= Beginning of Section =
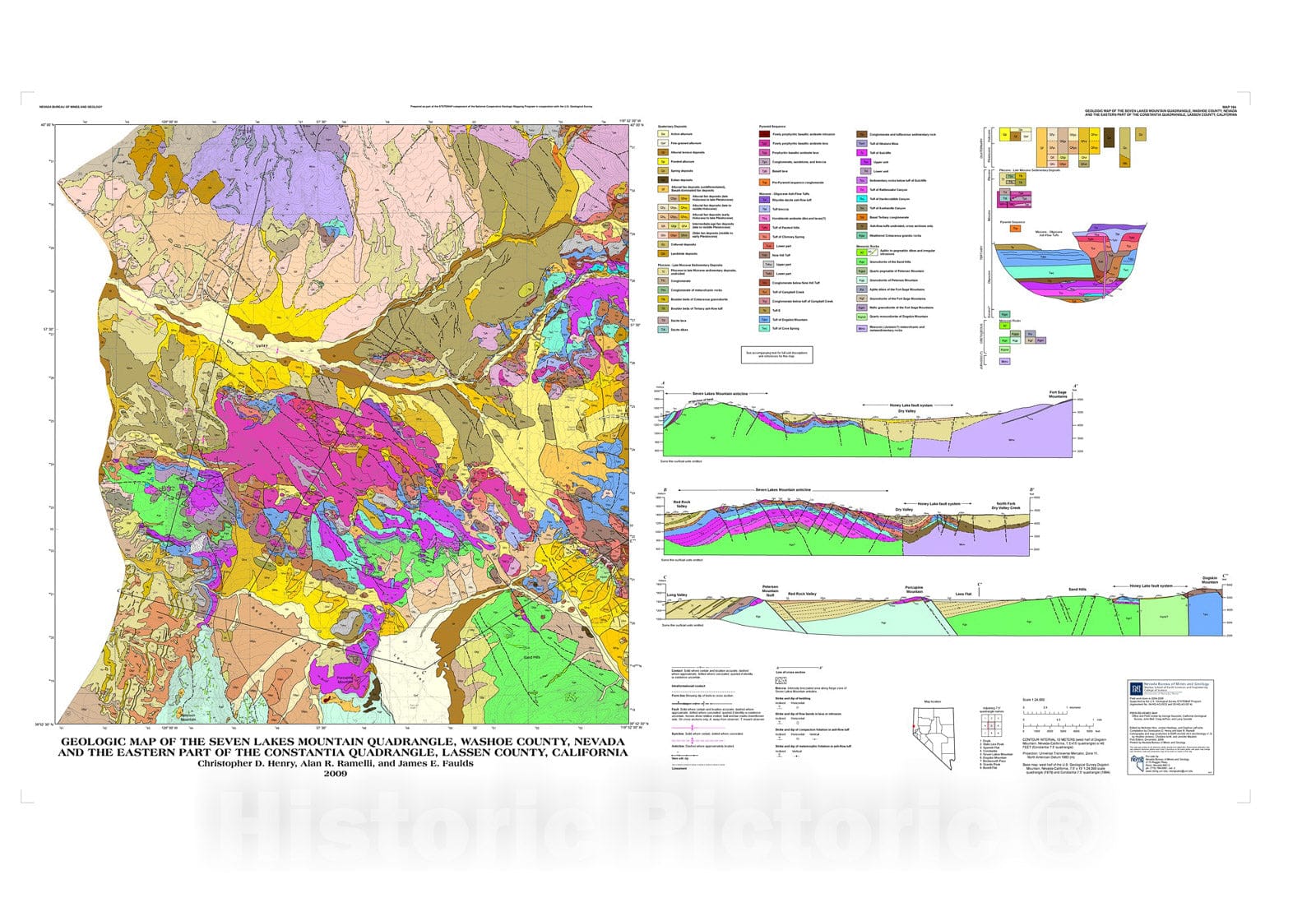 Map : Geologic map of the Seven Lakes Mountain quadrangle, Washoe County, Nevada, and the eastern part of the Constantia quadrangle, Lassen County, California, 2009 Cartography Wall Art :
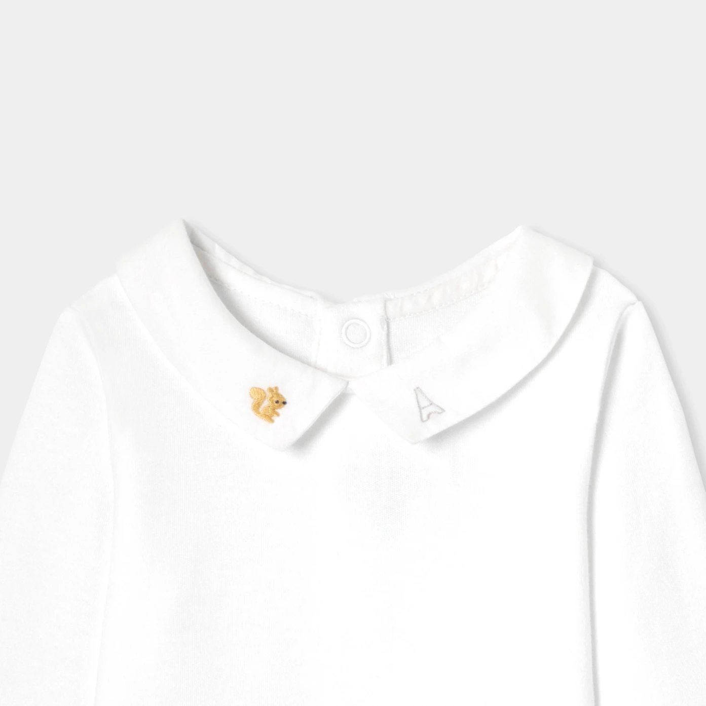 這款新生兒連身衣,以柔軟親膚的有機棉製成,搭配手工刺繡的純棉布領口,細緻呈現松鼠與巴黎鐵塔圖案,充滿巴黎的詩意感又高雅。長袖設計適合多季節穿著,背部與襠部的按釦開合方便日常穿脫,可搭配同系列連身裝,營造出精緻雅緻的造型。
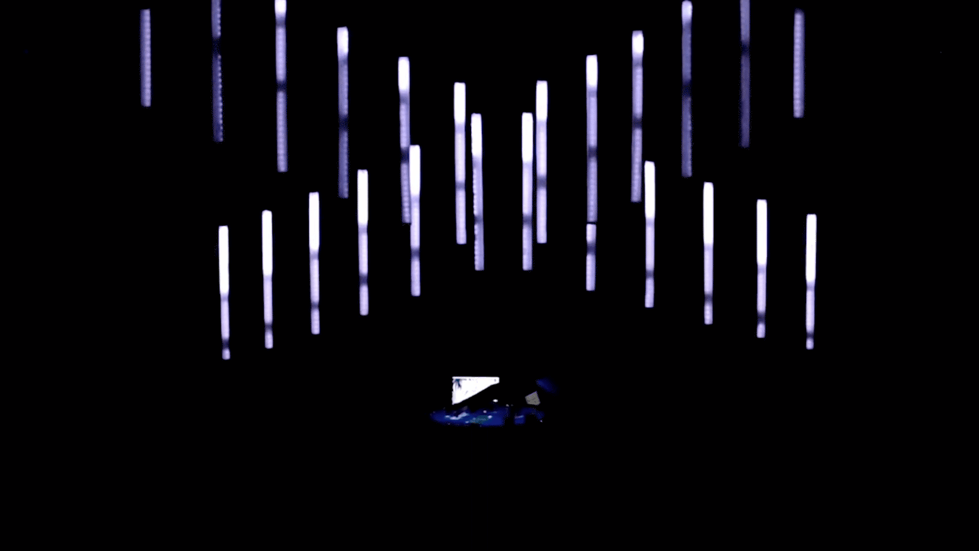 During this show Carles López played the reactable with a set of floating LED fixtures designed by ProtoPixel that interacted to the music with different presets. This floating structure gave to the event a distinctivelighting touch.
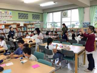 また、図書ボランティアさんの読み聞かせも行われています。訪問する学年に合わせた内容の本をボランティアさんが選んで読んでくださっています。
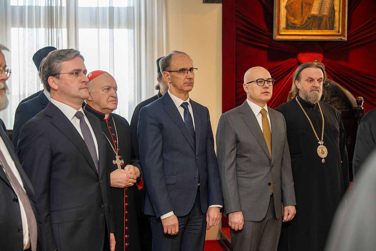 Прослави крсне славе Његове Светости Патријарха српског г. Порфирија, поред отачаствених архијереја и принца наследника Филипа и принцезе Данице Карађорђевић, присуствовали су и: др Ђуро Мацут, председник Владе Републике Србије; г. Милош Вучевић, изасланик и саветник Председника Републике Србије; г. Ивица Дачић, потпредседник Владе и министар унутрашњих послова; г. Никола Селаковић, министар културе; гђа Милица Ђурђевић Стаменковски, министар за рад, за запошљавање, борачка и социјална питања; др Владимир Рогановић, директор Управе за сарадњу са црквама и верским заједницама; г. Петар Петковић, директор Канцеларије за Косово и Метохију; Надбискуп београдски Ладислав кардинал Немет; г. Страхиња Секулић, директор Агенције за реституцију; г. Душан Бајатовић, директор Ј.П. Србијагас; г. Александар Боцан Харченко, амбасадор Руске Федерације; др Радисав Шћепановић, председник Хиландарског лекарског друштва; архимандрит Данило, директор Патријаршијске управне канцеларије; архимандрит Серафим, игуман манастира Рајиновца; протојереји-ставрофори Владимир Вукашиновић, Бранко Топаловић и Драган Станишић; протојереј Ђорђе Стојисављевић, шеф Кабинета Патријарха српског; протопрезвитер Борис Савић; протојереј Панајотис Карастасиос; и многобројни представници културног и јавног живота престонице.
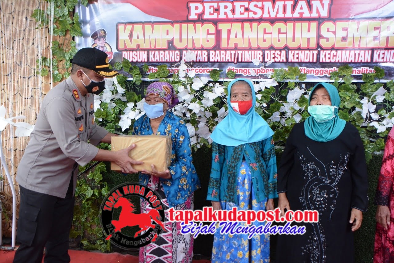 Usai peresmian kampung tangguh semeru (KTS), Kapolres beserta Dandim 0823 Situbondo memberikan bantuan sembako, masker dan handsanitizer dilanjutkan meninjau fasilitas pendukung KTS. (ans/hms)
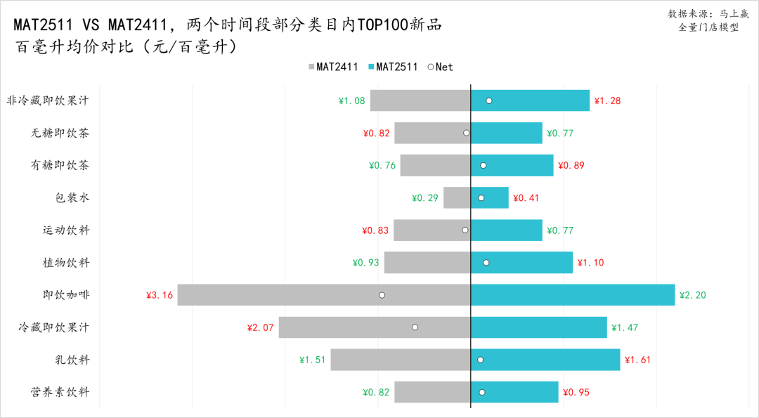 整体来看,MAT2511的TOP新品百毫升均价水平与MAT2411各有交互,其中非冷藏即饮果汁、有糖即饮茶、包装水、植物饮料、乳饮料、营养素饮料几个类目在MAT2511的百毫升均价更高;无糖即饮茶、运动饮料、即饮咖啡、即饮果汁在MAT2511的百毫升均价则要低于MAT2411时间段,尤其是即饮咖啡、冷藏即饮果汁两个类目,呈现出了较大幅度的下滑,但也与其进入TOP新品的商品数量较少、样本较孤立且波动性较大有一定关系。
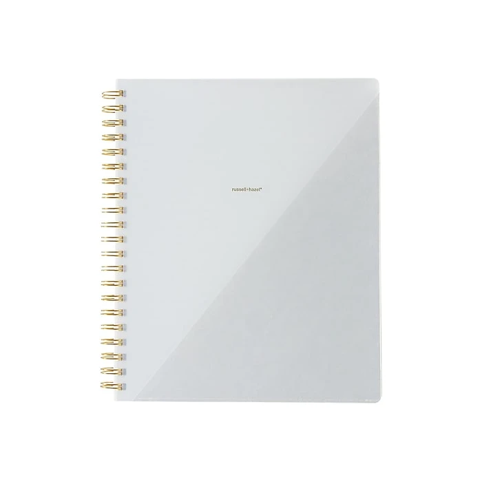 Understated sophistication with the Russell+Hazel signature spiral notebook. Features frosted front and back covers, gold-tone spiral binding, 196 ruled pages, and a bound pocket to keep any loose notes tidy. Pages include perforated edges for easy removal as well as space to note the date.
= End of Section =
= Beginning of Section =
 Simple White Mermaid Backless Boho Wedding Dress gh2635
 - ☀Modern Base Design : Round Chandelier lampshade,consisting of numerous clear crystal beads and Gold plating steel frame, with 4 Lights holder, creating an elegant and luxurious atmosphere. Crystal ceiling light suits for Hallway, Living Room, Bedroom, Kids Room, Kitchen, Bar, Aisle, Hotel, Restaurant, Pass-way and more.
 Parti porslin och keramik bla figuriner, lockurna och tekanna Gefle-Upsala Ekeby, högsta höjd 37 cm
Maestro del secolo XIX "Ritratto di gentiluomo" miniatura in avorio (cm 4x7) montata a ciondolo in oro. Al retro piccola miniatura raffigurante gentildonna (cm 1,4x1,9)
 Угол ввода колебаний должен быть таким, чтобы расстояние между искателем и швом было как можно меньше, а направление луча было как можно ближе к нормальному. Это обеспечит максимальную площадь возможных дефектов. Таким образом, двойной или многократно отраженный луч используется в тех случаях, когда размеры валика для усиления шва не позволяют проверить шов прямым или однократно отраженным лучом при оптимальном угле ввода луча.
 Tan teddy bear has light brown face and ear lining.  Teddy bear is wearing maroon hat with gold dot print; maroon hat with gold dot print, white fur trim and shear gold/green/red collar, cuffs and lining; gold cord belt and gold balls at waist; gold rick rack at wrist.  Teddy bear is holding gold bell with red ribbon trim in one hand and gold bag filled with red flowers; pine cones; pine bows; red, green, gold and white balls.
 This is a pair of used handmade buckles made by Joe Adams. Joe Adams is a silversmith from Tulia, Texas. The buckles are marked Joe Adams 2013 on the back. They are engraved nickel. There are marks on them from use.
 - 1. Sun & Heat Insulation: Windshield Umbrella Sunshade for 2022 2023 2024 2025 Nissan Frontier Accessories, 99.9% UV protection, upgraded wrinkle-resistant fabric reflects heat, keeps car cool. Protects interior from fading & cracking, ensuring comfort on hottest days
= End of Section =
> _EXERCISE PROMPT_: Using the data above, repeat exactly the lines that begin at the line with "Parti porslin och" and end at the line with "Maestro del secolo", both ends included.

> _SOLUTION TO THIS TASK_:
 Parti porslin och keramik bla figuriner, lockurna och tekanna Gefle-Upsala Ekeby, högsta höjd 37 cm
Maestro del secolo XIX "Ritratto di gentiluomo" miniatura in avorio (cm 4x7) montata a ciondolo in oro. Al retro piccola miniatura raffigurante gentildonna (cm 1,4x1,9)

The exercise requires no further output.